[WHAT YOU WILL DO]
Please, starting at the line that contains "Marzec to świetna", reproduce every line exactly until the records run out, skipping all pictures.

BEGIN MATERIAL FOR THIS EXERCISE

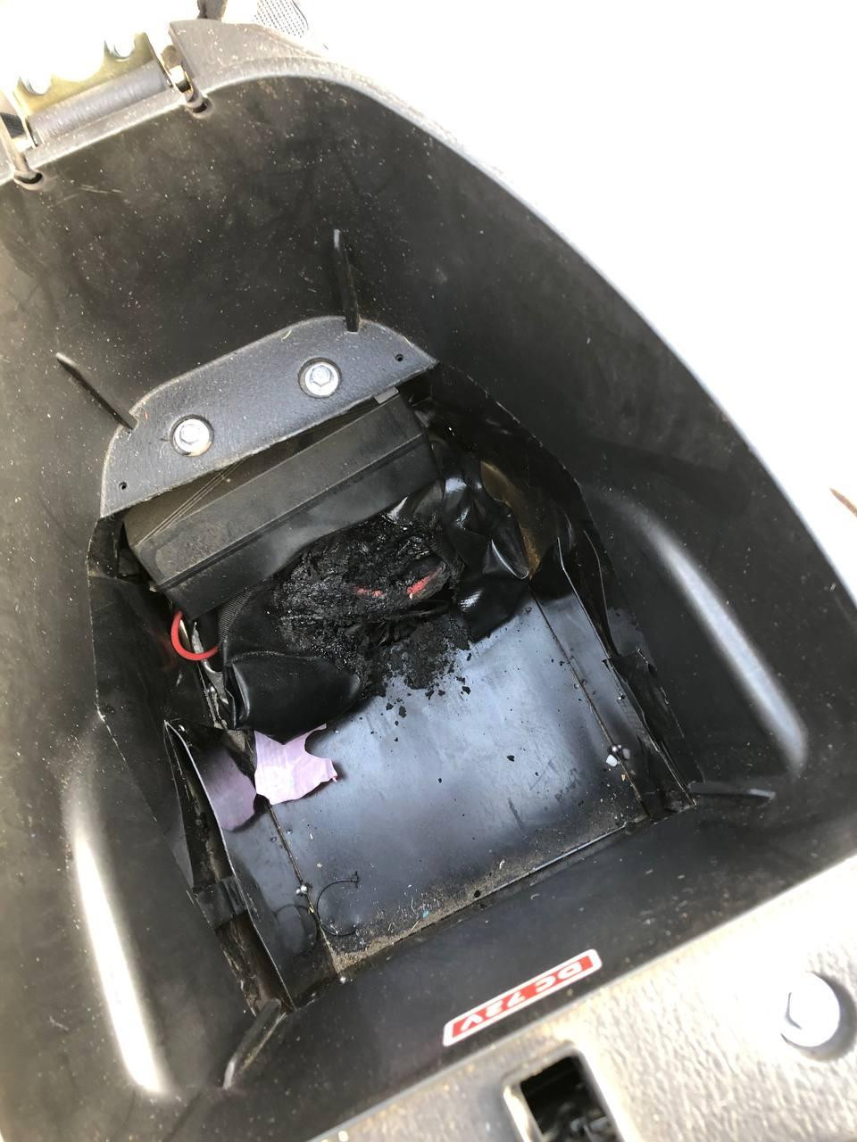 Ich konnte den Brand mit dem im Helmfach befindlichen Teppich (aus schlecht brennbaren Naturfasern) "löschen". Dann trennte ich die Stecker Verbindung zum Roller. Da ich nicht wusste, was genau die Branduhrsache ist und ich einige Filme aus dem Netzt von brennenden und gefühlt nie wieder erlöschenden LIPO eBike Akkus gesehen habe, rief ich die Feuerwehr, bevor die Situation aus dem Ruder läuft. Die Feuerwehr hat mit meiner Hilfe den Akku ausgebaut und in ein Wasserfass versenkt.
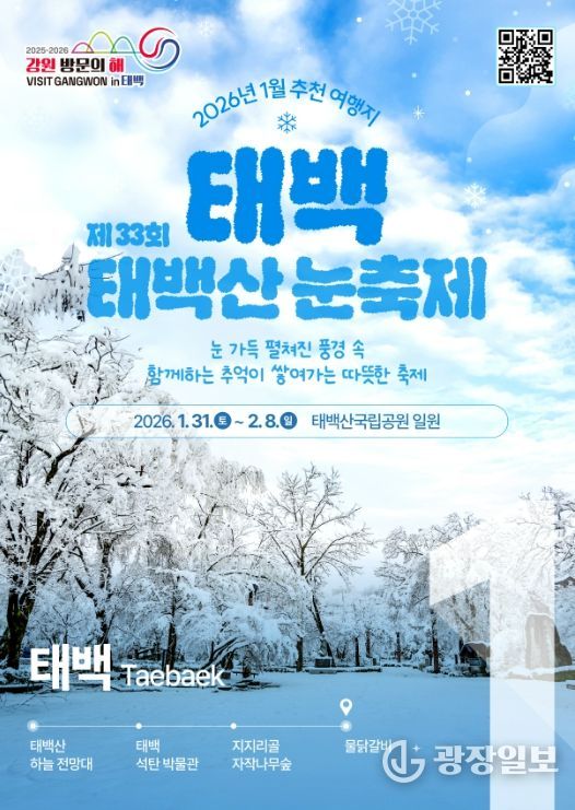 이번 ‘1월 추천 여행지’ 선정에 따라 태백시는 태백산 눈축제를 중심으로 겨울철 관광 콘텐츠를 집중 홍보해 겨울 관광객 유입을 본격적으로 확대할 계획이다.
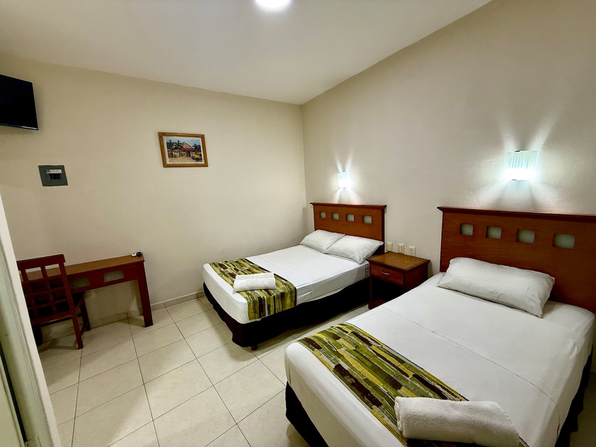 Alojamiento con ubicación excelente céntrica, contarás con Aire acondicionado, cama tamaño Queen, agua caliente, wifi fibra óptica....fácil acceso a taxis, restaurantes, farmacias, lavandería, hospitales, abarrotes . todo a unos cuantos pasos....a 6 min del Aeropuerto y terminal ADO. ubicado en Avenida principal (puede haber ruido de tráfico)
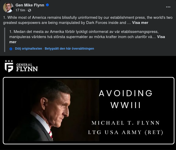 General Mike Flynn, en pensionerad generallöjtnant i USA:s armé, varnar i sitt X-inlägg för att [DS] manipulerar USA och Ryssland mot en storskalig militär konfrontation, vilket ingen nation eller förnuftig person vill ha. Han identifierar flera nyckelpunkter:
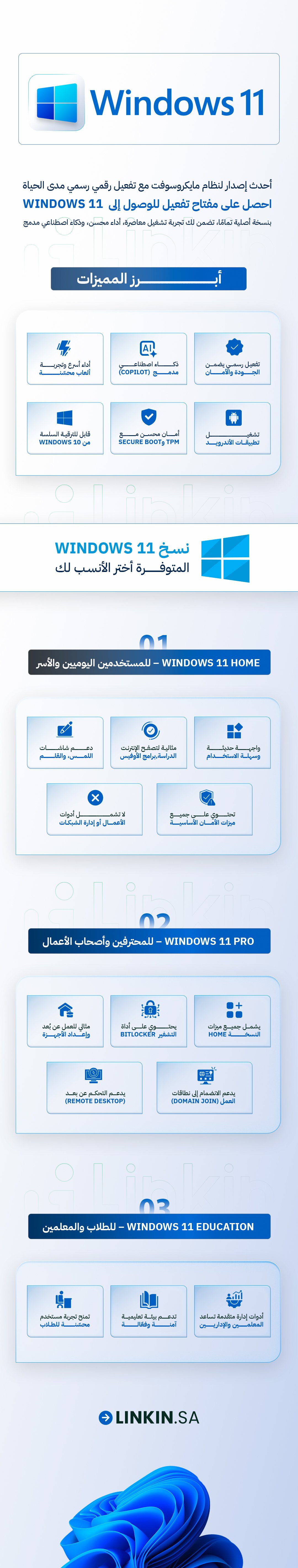 199 ر.سمفتاح Windows 11 — أحدث إصدار لنظام مايكروسوفت، الآن عبر لينك إن Linkin.sa – تفعيل رقمي رسمي مدى الحياة.
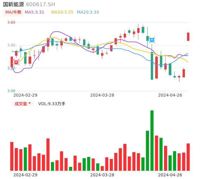 04月26日,国新能源收报3.51,股价涨幅10.03%,成交金额3269.01万元,换手率0.74%。
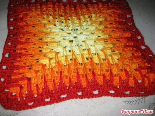 4. На фотографии "бабушкин квадрат" выполняется от светло-желтого к терракотовому и рисунок начинает смотреться уже после вывязывании 8-10 рядов, что надо учитывать.
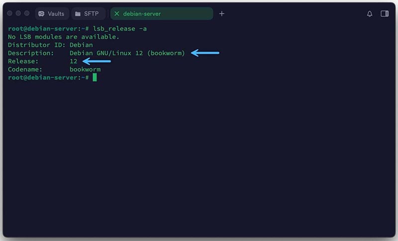 lsb_release命令是 Linux 系统用来查看发行版信息的「百事通」,它能够帮助你轻松获取 Debian 系统的详细版本信息:
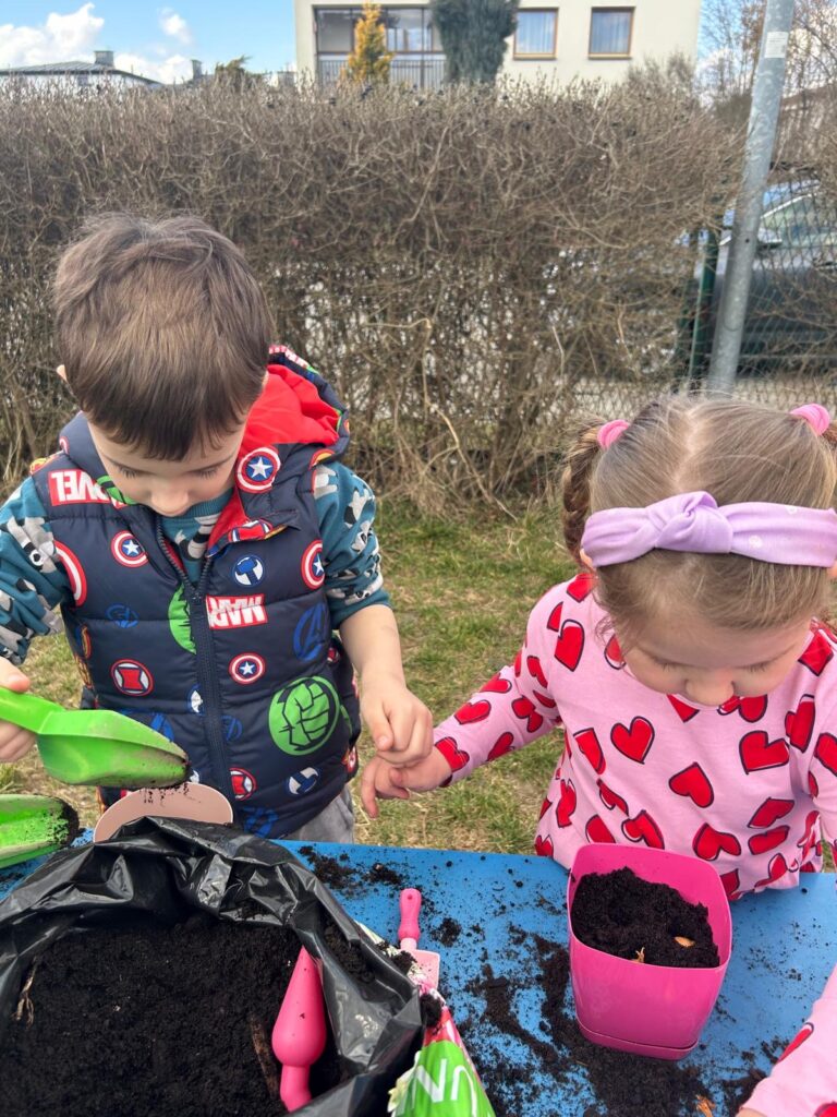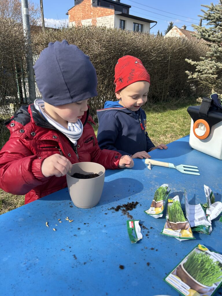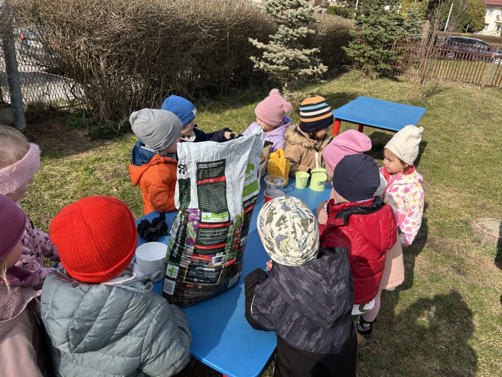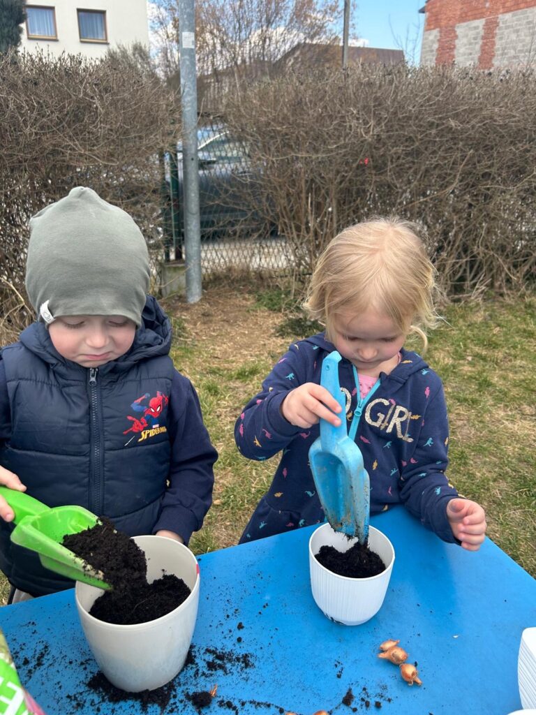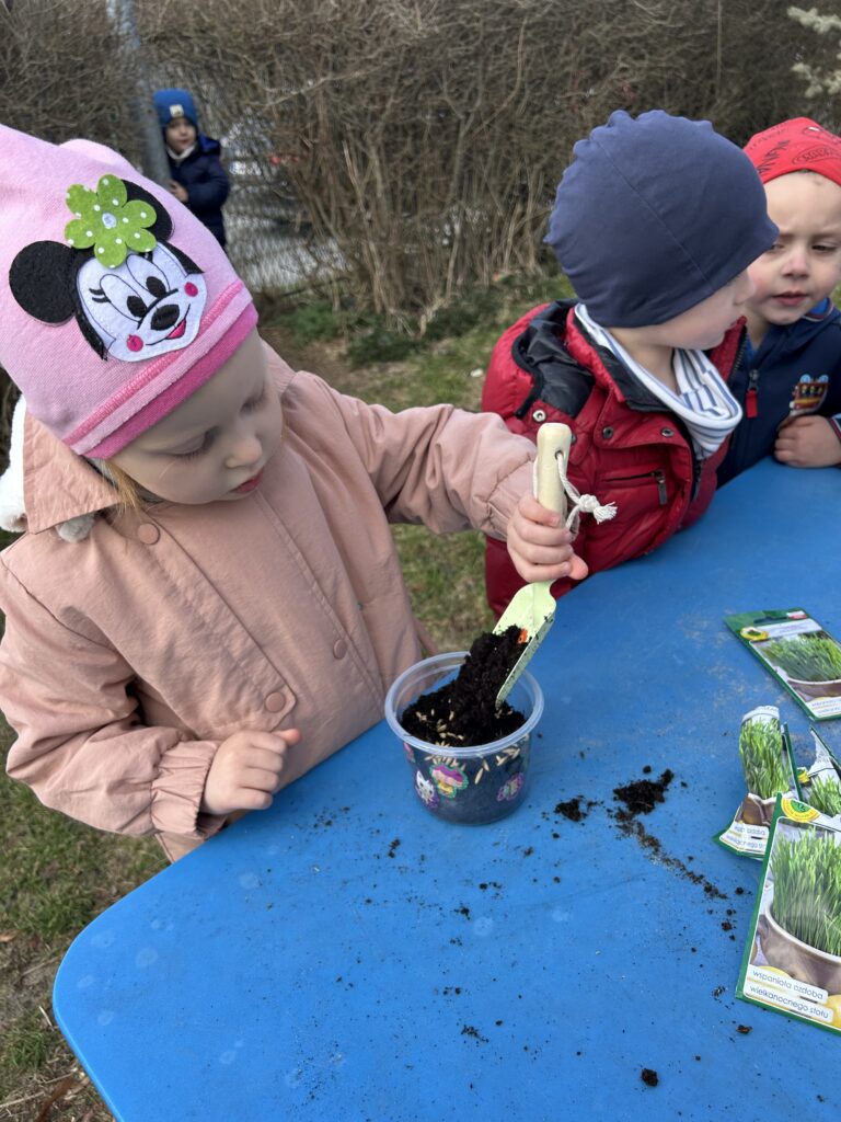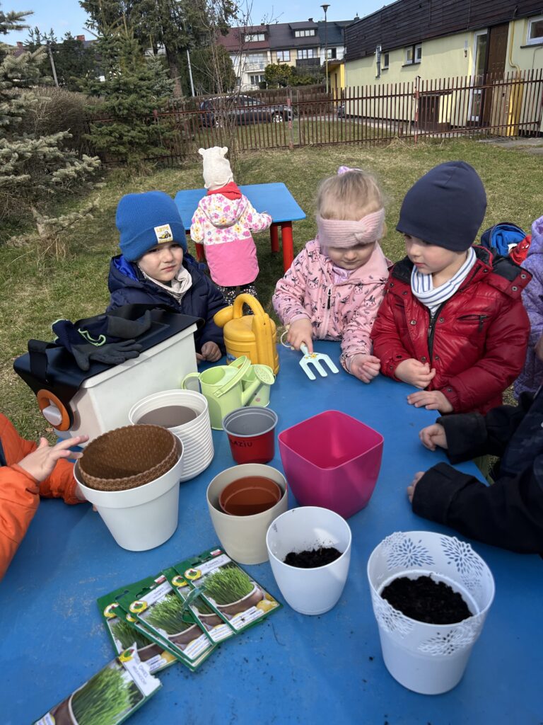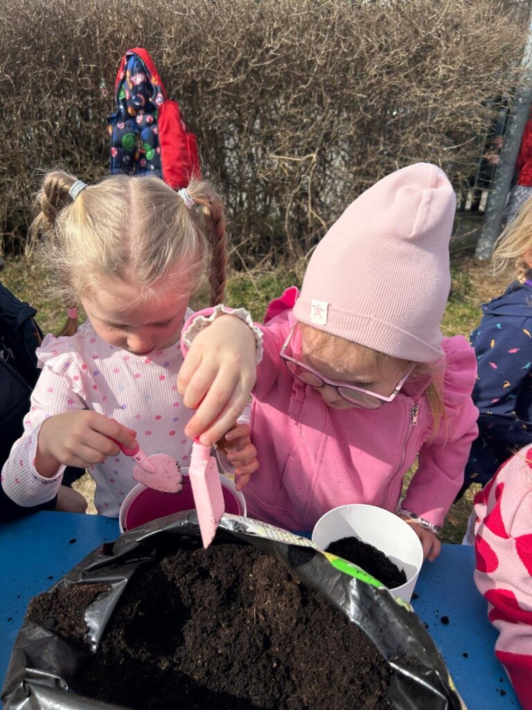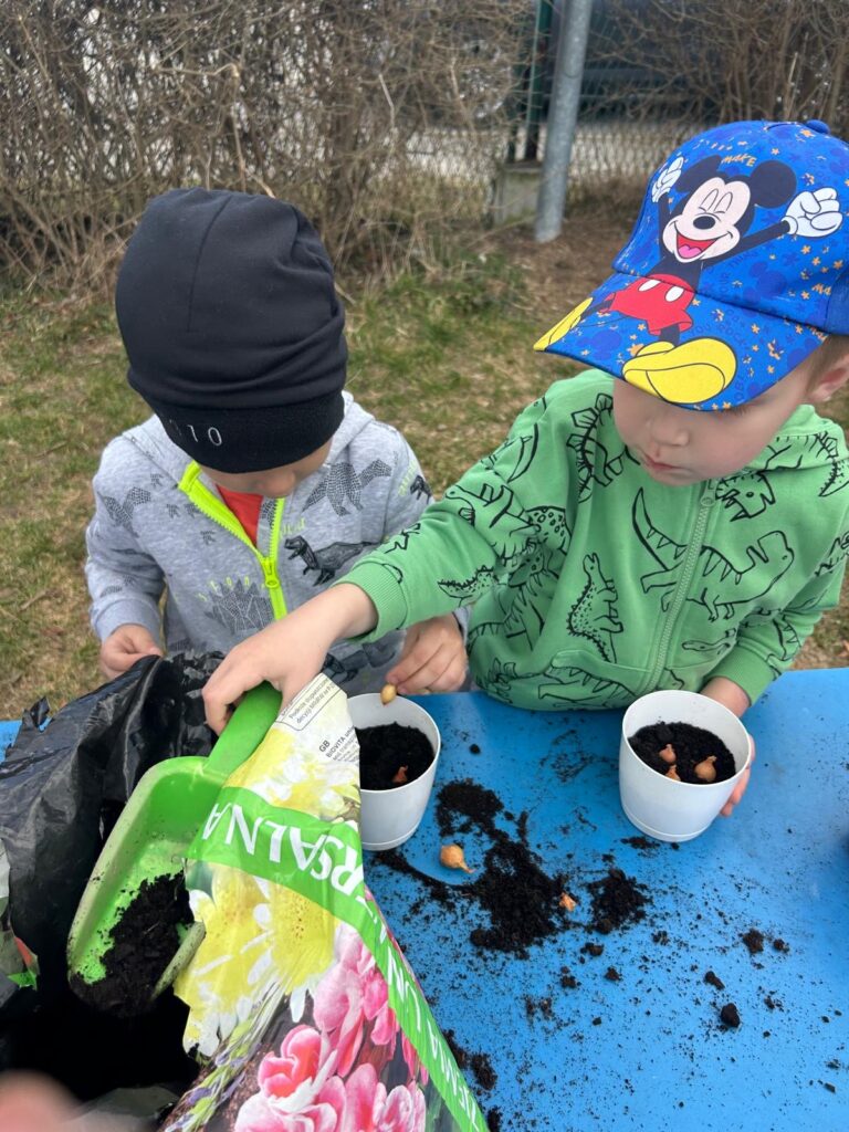 Marzec to świetna okazja do zapoznania najmłodszych z tajnikami sadzenia roślin. W oczekiwaniu na nadejście wiosny nasze przedszkolaki zamieniły się w małych ogrodników w przedszkolnym ogrodzie. Dowiedziały się jak prawidłowo sadzić cebulki oraz nasiona, czego rośliny potrzebują do wzrostu oraz jak o nie dbać. Przez najbliższe dni będziemy wspólnie obserwować jak kiełkują zasadzone rośliny ucząc się przy tym odpowiedzialności oraz cierpliwości.
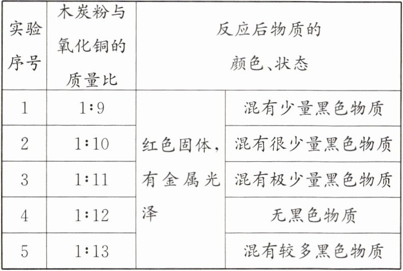 (5)木炭粉与氧化铜的最佳质量比为1:12;1:13时氧化铜已过量,1:14会更过量,无实验必要
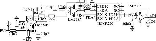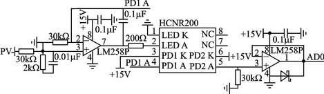 电动机在运转过程中每次只有两相通电(一相正向通电,另一相反向通电),因此每次只需要控制一个电流,将电阻安放在电源对地端就可以实现电流反馈,并实时监管。电流反馈的输出经滤波放大后送到DSP的ADC端口进行处理,每个PWM周期对电流进行采样,对速度(PWM占空比)进行控制。这里选用线性隔离放大器HCNR200对输出波形进行处理,电流信号检测电路如图5所示。

END MATERIAL FOR THIS EXERCISE

[ANSWER FOR THIS EXERCISE]
 Marzec to świetna okazja do zapoznania najmłodszych z tajnikami sadzenia roślin. W oczekiwaniu na nadejście wiosny nasze przedszkolaki zamieniły się w małych ogrodników w przedszkolnym ogrodzie. Dowiedziały się jak prawidłowo sadzić cebulki oraz nasiona, czego rośliny potrzebują do wzrostu oraz jak o nie dbać. Przez najbliższe dni będziemy wspólnie obserwować jak kiełkują zasadzone rośliny ucząc się przy tym odpowiedzialności oraz cierpliwości.
 (5)木炭粉与氧化铜的最佳质量比为1:12;1:13时氧化铜已过量,1:14会更过量,无实验必要
 电动机在运转过程中每次只有两相通电(一相正向通电,另一相反向通电),因此每次只需要控制一个电流,将电阻安放在电源对地端就可以实现电流反馈,并实时监管。电流反馈的输出经滤波放大后送到DSP的ADC端口进行处理,每个PWM周期对电流进行采样,对速度(PWM占空比)进行控制。这里选用线性隔离放大器HCNR200对输出波形进行处理,电流信号检测电路如图5所示。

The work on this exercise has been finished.